### Information
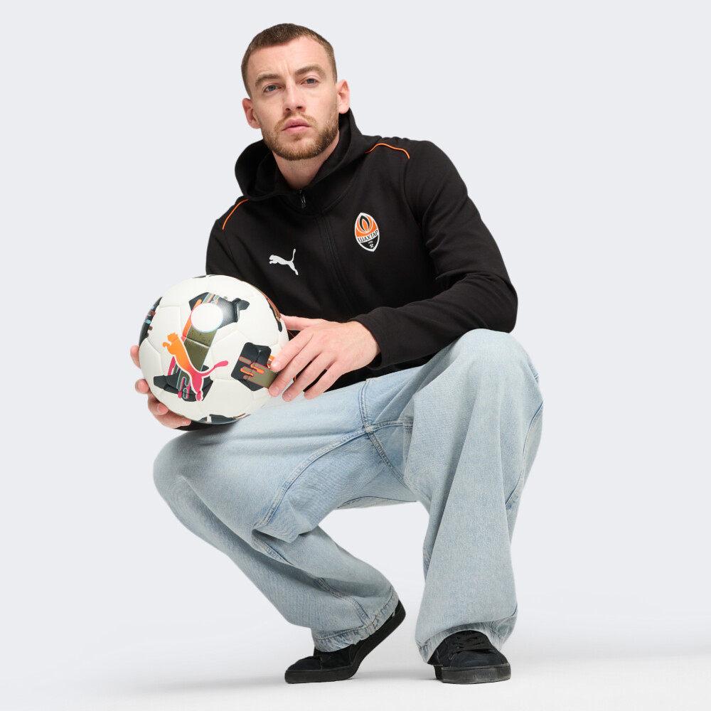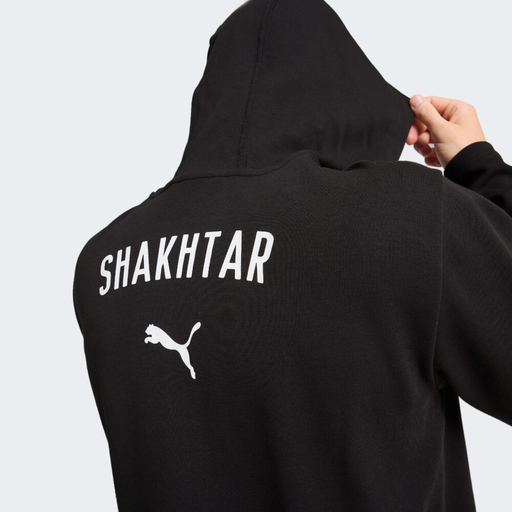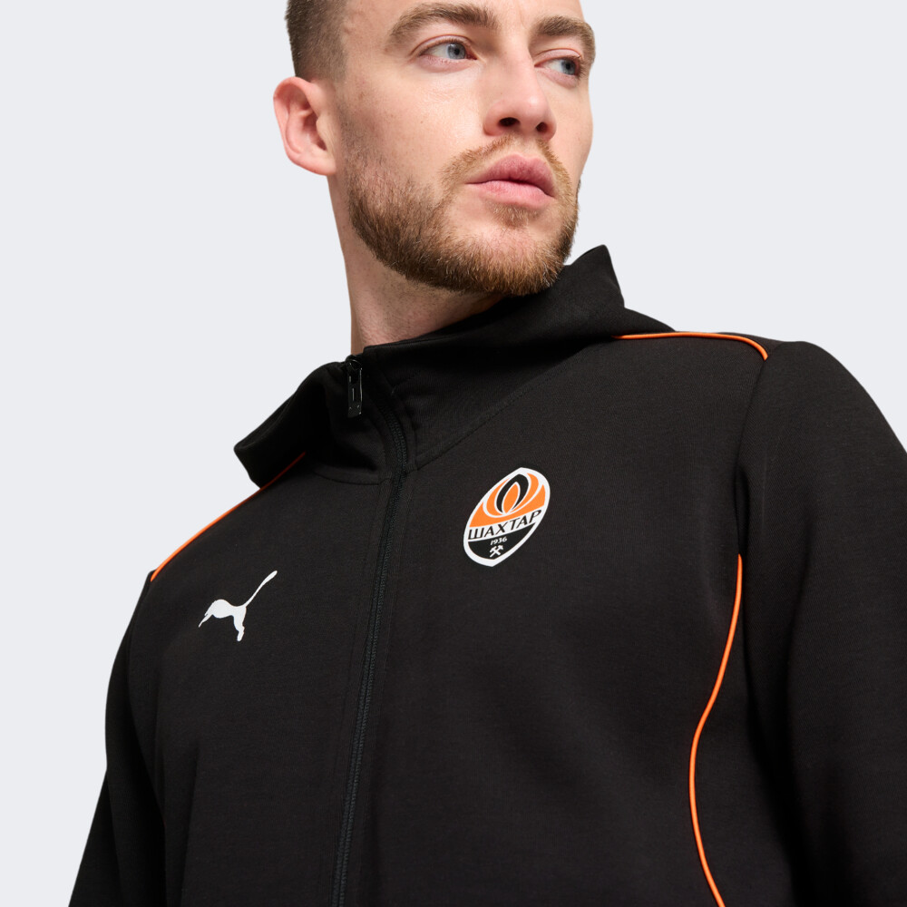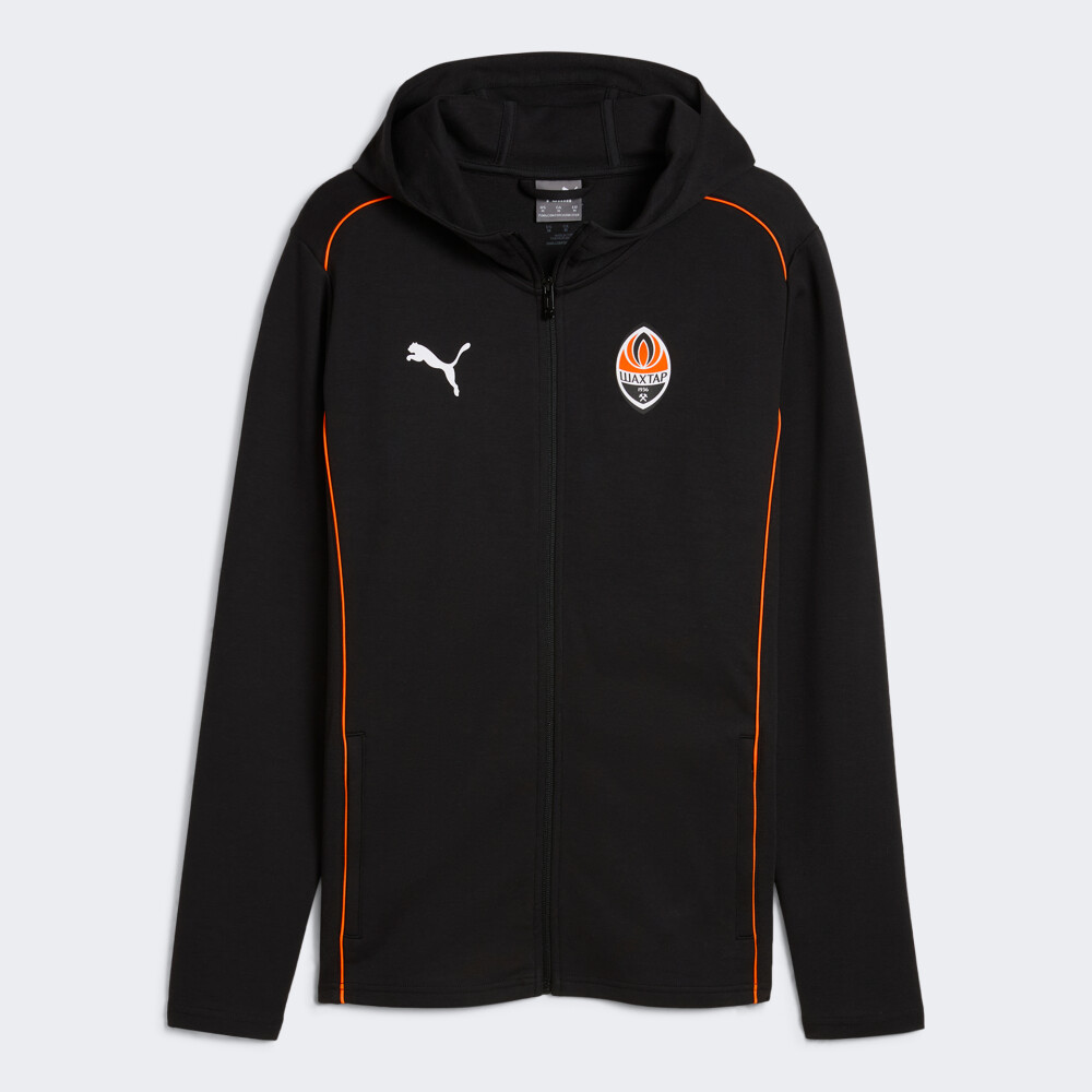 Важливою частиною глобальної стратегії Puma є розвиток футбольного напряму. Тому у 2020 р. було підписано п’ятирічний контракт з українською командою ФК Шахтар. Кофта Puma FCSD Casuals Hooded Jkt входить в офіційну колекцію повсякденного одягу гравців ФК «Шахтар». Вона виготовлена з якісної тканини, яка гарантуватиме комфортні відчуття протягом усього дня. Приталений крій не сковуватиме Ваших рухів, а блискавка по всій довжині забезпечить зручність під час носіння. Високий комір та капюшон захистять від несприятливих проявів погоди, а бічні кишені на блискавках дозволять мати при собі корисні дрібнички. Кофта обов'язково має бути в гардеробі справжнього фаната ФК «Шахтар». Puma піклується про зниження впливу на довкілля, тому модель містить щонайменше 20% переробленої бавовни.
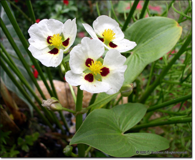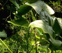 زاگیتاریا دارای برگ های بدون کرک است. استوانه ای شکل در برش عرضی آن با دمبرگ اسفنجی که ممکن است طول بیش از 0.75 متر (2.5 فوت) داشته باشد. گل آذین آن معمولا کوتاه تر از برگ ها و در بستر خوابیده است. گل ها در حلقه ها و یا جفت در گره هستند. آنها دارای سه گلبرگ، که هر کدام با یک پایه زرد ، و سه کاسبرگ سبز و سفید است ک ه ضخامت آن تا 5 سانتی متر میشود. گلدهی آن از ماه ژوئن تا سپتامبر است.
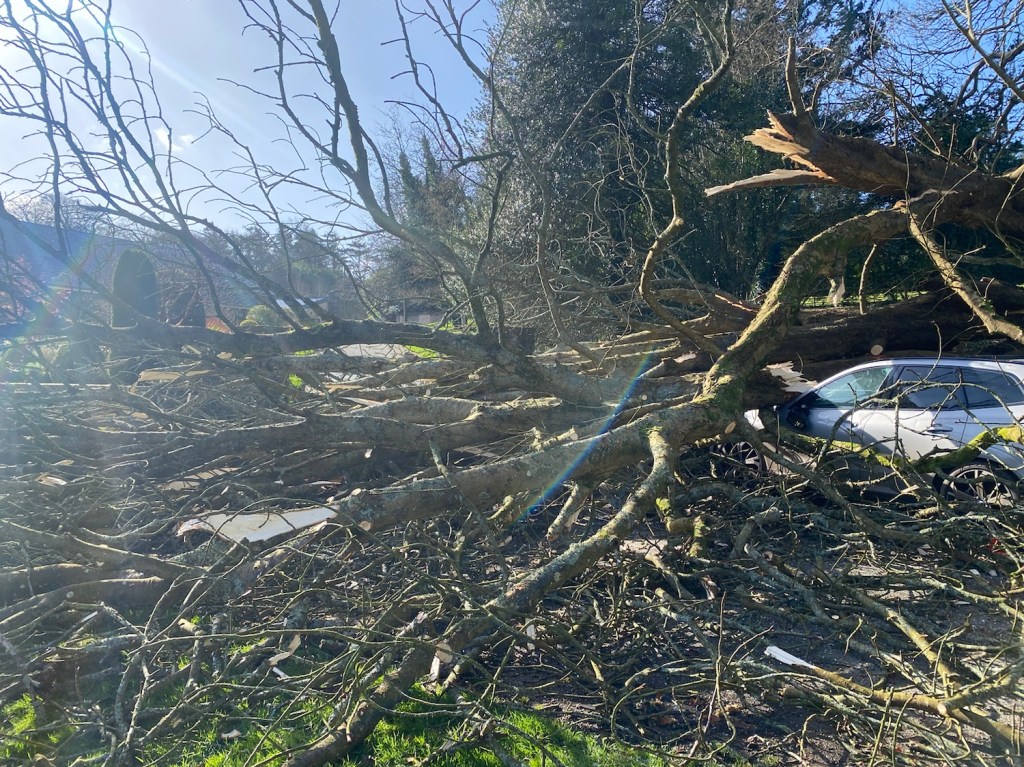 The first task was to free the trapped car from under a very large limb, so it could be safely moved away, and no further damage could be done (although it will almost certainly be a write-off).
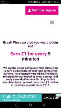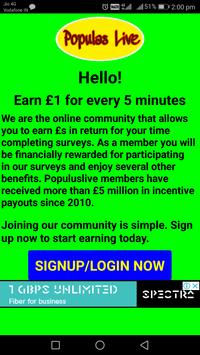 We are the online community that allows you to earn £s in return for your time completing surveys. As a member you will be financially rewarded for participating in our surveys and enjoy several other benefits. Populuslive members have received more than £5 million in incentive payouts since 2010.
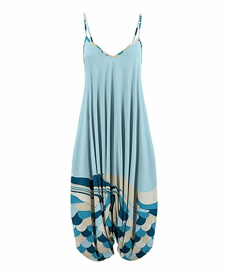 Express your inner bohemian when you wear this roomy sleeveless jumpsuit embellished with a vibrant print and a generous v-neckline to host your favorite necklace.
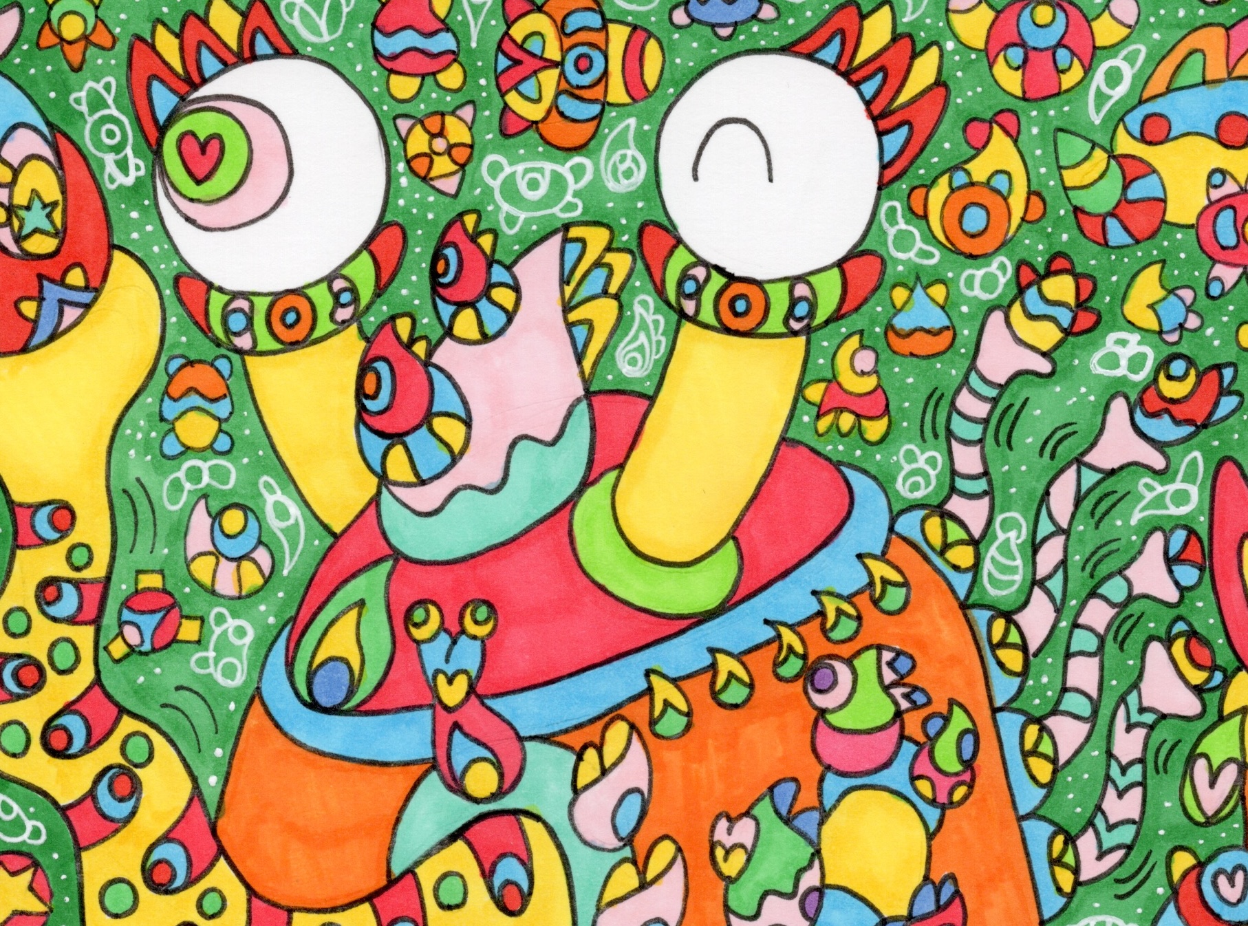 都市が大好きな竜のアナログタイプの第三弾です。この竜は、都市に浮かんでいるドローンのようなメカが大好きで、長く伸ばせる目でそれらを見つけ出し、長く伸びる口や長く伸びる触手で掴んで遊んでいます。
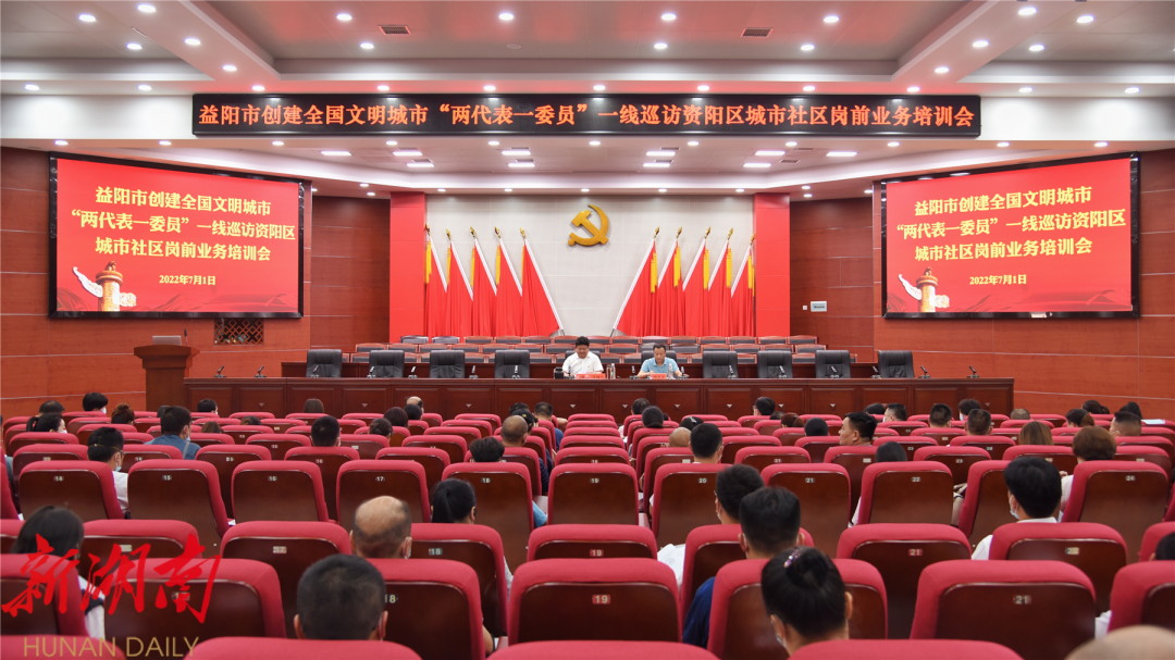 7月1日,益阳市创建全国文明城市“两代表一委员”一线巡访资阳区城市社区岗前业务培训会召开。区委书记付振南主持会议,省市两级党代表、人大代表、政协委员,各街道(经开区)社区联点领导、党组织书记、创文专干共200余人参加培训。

### Work task
Please print the line that contains "زاگیتاریا دارای برگ" along with every later line of the material, exactly, through the last one. Leave pictures out of the copy.

### Written response
 زاگیتاریا دارای برگ های بدون کرک است. استوانه ای شکل در برش عرضی آن با دمبرگ اسفنجی که ممکن است طول بیش از 0.75 متر (2.5 فوت) داشته باشد. گل آذین آن معمولا کوتاه تر از برگ ها و در بستر خوابیده است. گل ها در حلقه ها و یا جفت در گره هستند. آنها دارای سه گلبرگ، که هر کدام با یک پایه زرد ، و سه کاسبرگ سبز و سفید است ک ه ضخامت آن تا 5 سانتی متر میشود. گلدهی آن از ماه ژوئن تا سپتامبر است.
 The first task was to free the trapped car from under a very large limb, so it could be safely moved away, and no further damage could be done (although it will almost certainly be a write-off).
 We are the online community that allows you to earn £s in return for your time completing surveys. As a member you will be financially rewarded for participating in our surveys and enjoy several other benefits. Populuslive members have received more than £5 million in incentive payouts since 2010.
 Express your inner bohemian when you wear this roomy sleeveless jumpsuit embellished with a vibrant print and a generous v-neckline to host your favorite necklace.
 都市が大好きな竜のアナログタイプの第三弾です。この竜は、都市に浮かんでいるドローンのようなメカが大好きで、長く伸ばせる目でそれらを見つけ出し、長く伸びる口や長く伸びる触手で掴んで遊んでいます。
 7月1日,益阳市创建全国文明城市“两代表一委员”一线巡访资阳区城市社区岗前业务培训会召开。区委书记付振南主持会议,省市两级党代表、人大代表、政协委员,各街道(经开区)社区联点领导、党组织书记、创文专干共200余人参加培训。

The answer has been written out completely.